Girl looking between tree branches.Summary:
Mary’s world is tightly controlled by the Sisters and the Guardians.  The Sisters show the village how to find favor with God via the yearly and daily rituals.  The Guardians check and maintain the fence that keeps the Unconsecrated out.  The Sisters says the Unconsecrated came with the Return as a punishment to the people.  This is why they must maintain God’s favor.  But Mary dreams of the tales of the ocean and tall buildings her mother told her about, and her mother’s mother for generations back.  She will need those dreams when her world is turned upside down with a breach of the fence.  They’ve happened before, but never like this.

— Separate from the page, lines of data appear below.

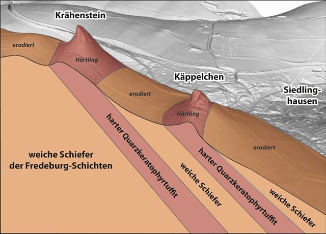 Nach Beendigung der variszischen Orogenese kam es in der Folgezeit zu witterungsbedingten Alterationsprozessen der Gesteine, wodurch das Gebirge wieder recht schnell abgetragen und schließlich eingeebnet wurde. Dabei wurden die weicheren Schiefer schneller erodiert als das härtere vulkanische Gestein. Begünstigt durch junge/rezente Hebungsprozesse, die am Ende des Tertiärs/im Quartär einsetzten, schnitten sich die Flüsse allmählich in die Rumpffläche des variszischen Gebirges ein und präparierten so im Laufe der Zeit die beiden härteren Quarzkeratophyrtuffit-Züge des Krähensteins und Käppelchens, eingebettet in den weicheren Tonschiefer der Fredeburg-Schichten, heraus.
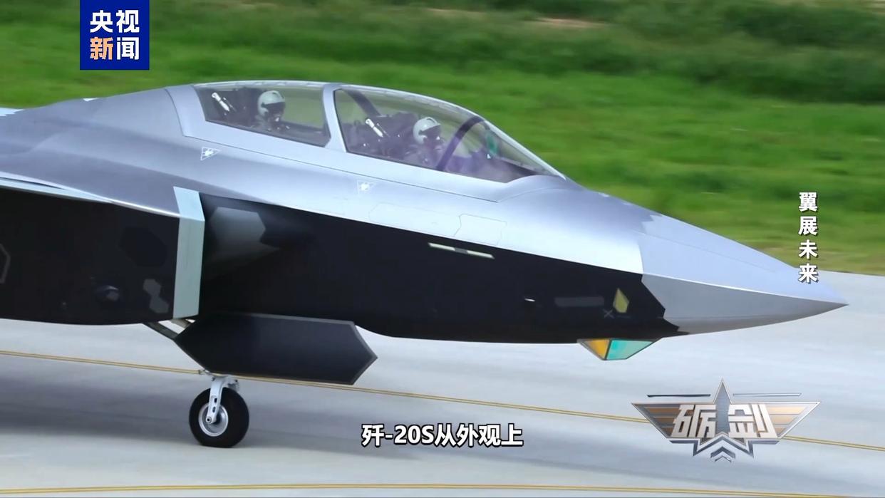 作为全球唯一一款双座隐身战斗机,歼-20S从外观上与歼-20相比加长了座舱,增加了一名飞行员。这不仅仅是简单的“1+1”,它带来的是空战规则的改变。
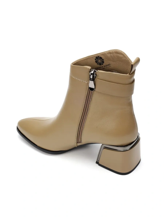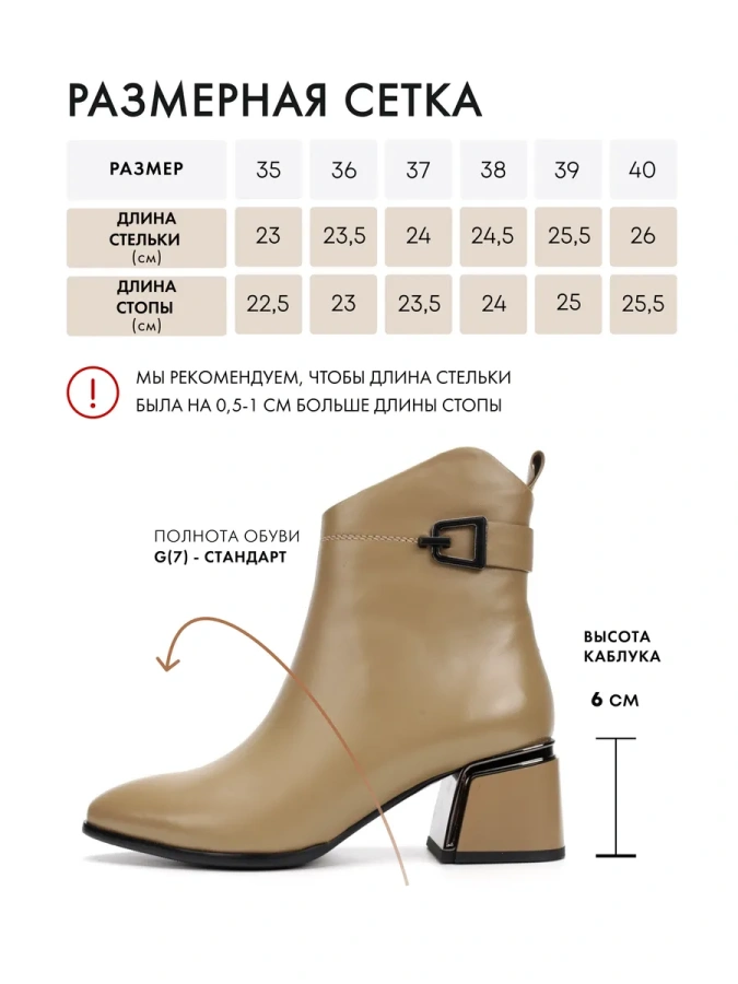 Трапециевидный каблук высотой 6 см добавляет женственности и элегантности образу, сохраняя при этом комфорт при ходьбе. Застежка на молнии обеспечивает легкость надевания и снятия ботильонов. Модель имеет полноту F(6) и подойдет на стандартную и более узкую стопу.
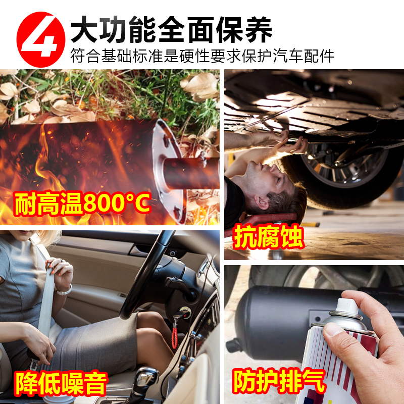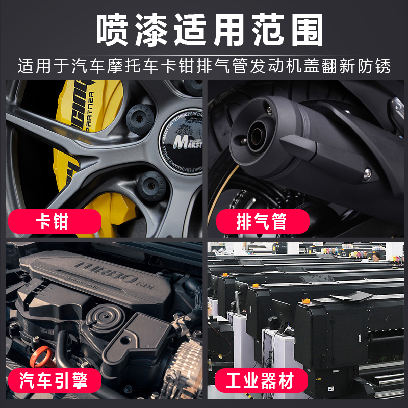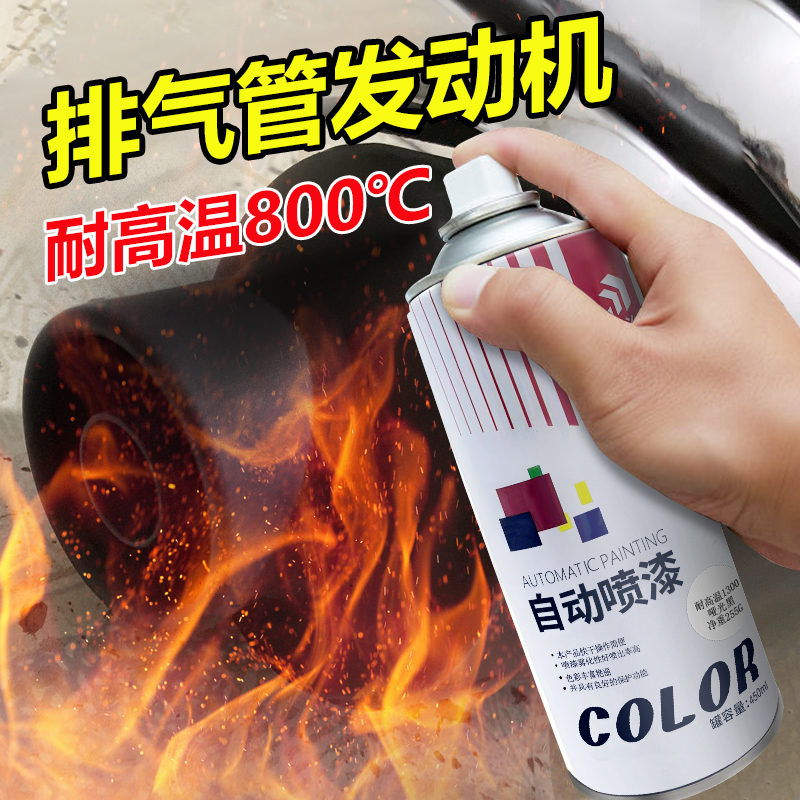 1.?耐高温性能?:该喷漆能耐800℃的高温,确保在高温环境下不易脱落或变质,适合用于排气管等高温部件的防护和美观。

This is an interesting take on the traditional zombie tale.  In lieu of starting with the outbreak or just after the outbreak, Ryan envisions what life would be like for the descendants of the few who’ve managed to survive.  Of course the sheer number of zombies in the world means it’s impossible for the few survivors left to kill them all, so they must live with constant vigilance.  In the case of Mary’s village, they’ve turned to religion to maintain the level of control required to keep them all safe.  This is the strongest portion of the book as it leads to interesting questions.  The threat outside the fence is indeed real.  Mary’s questions are making it difficult for the Sisters to maintain the control needed and prevent panic in the village.  On the other hand, the Sisters aren’t exactly being honest with the population or giving them a happy life.  They’re just giving them a life.

Where the action supposedly picks up with the breach of the fence is where the book sort of left me behind.  The fact of the matter is, I wound up caring more about the village than Mary, and I don’t think I was supposed to.  Where I was supposed to be rooting for Mary, I found myself rooting for the community, the group of survivors.  Mary’s individualism rings as starkly selfish to me in light of the very real threat around them.  This is odd because generally I’m in favor of people being themselves and not necessarily following the group, but that’s different when a crisis is being faced.  I found myself wishing it had read more like Elizabeth Gaskell’s classic Cranford, which is a study of a town and not an individual.

Of course, that’s not the type of book Ryan set out to write.  She set out to write a book about a girl in a future where zombies are a fact of life.  She writes beautifully, with exquisite sentences that read more like an 18th century novel than a 21st century one.  I also am certain that the teenage audience this YA book is aimed at will be rooting for Mary in her quest to find herself and her dreams.

If you are a teen or a teen at heart looking for an adventure tale with a touch of romance, you will enjoy this book.  If traditional zombies are what you are after, however, you should look elsewhere.